2. Overlapping Subproblems:
If we use the above recursive approach for strings “BD” and “ABCD“, we will get a partial recursion tree as shown below. Here we can see that the subproblem L(“BD”, “ABCD”) is being calculated more than once. If the total tree is considered there will be several such overlapping subproblems.
L(“AXYT”, “AYZX”)
/ \
L(“AXY”, “AYZX”) L(“AXYT”, “AYZ”)
/ \ / \
L(“AX”, “AYZX”) L(“AXY”, “AYZ”) L(“AXY”, “AYZ”) L(“AXYT”, “AY”)
Approach: Because of the presence of these two properties we can use Dynamic programming or Memoization to solve the problem. Below is the approach for the solution using recursion.
- Create a recursive function.
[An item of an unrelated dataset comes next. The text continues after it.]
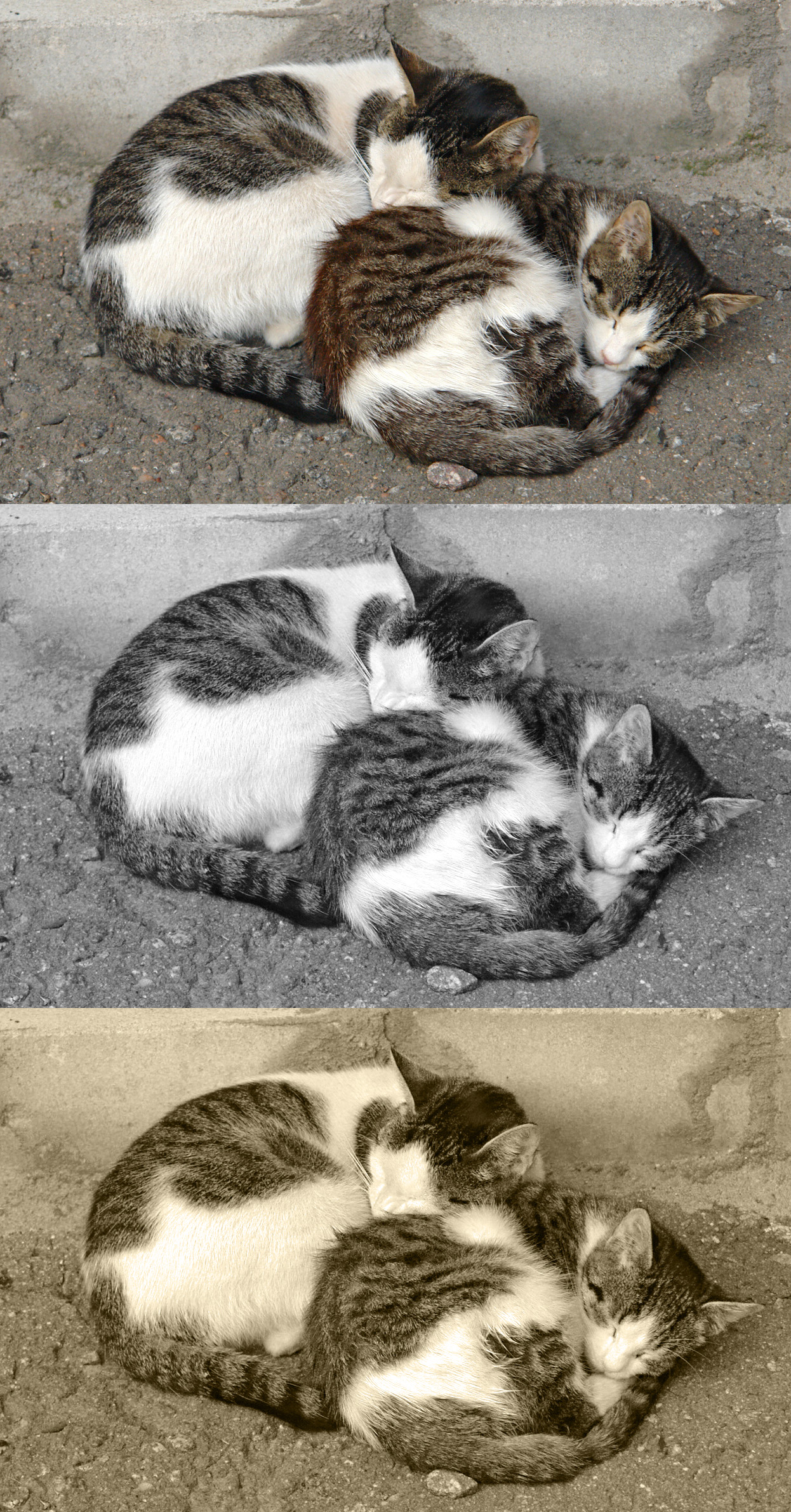 Sepia sample (from my own photo)

Also create a 2D array to store the result of a unique state.
- During the recursion call, if the same state is called more than once, then we can directly return the answer stored for that state instead of calculating again.
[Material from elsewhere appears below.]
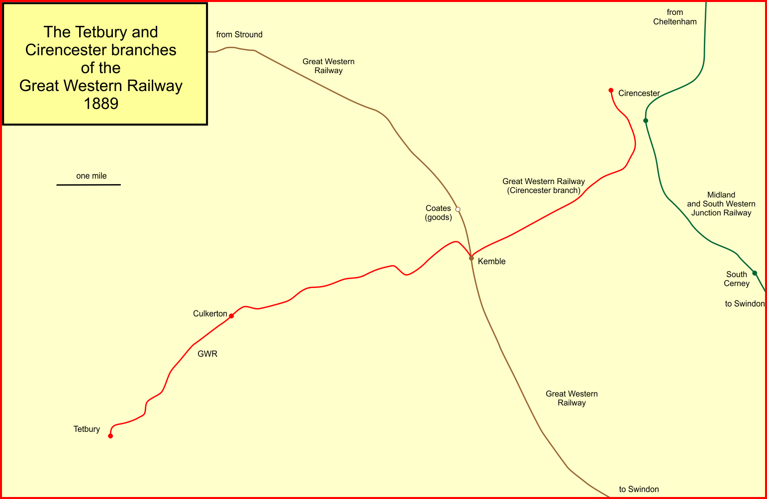 System map of the Tetbury branch line railway, England, in 1889

Below is the implementation of the above approach:
// A Top-Down DP implementation
// of LCS problem
#include <bits/stdc++.h>
using namespace std;
// Returns length of LCS for X[0..m-1],
// Y[0..n-1]
int lcs(char* X, char* Y, int m, int n,
vector<vector<int> >& dp)
{
if (m == 0 || n == 0)
return 0;
if (X[m - 1] == Y[n - 1])
return dp[m][n] = 1 + lcs(X, Y, m - 1, n - 1, dp);
if (dp[m][n] != -1) {
return dp[m][n];
}
return dp[m][n] = max(lcs(X, Y, m, n - 1, dp),
lcs(X, Y, m - 1, n, dp));
}
// Driver code
int main()
{
char X[] = "AGGTAB";
char Y[] = "GXTXAYB";
int m = strlen(X);
int n = strlen(Y);
vector<vector<int> > dp(m + 1, vector<int>(n + 1, -1));
cout << "Length of LCS is " << lcs(X, Y, m, n, dp);
return 0;
}
/*package whatever //do not write package name here */
import java.io.*;
class GFG {
// A Top-Down DP implementation of LCS problem
// Returns length of LCS for X[0..m-1], Y[0..n-1]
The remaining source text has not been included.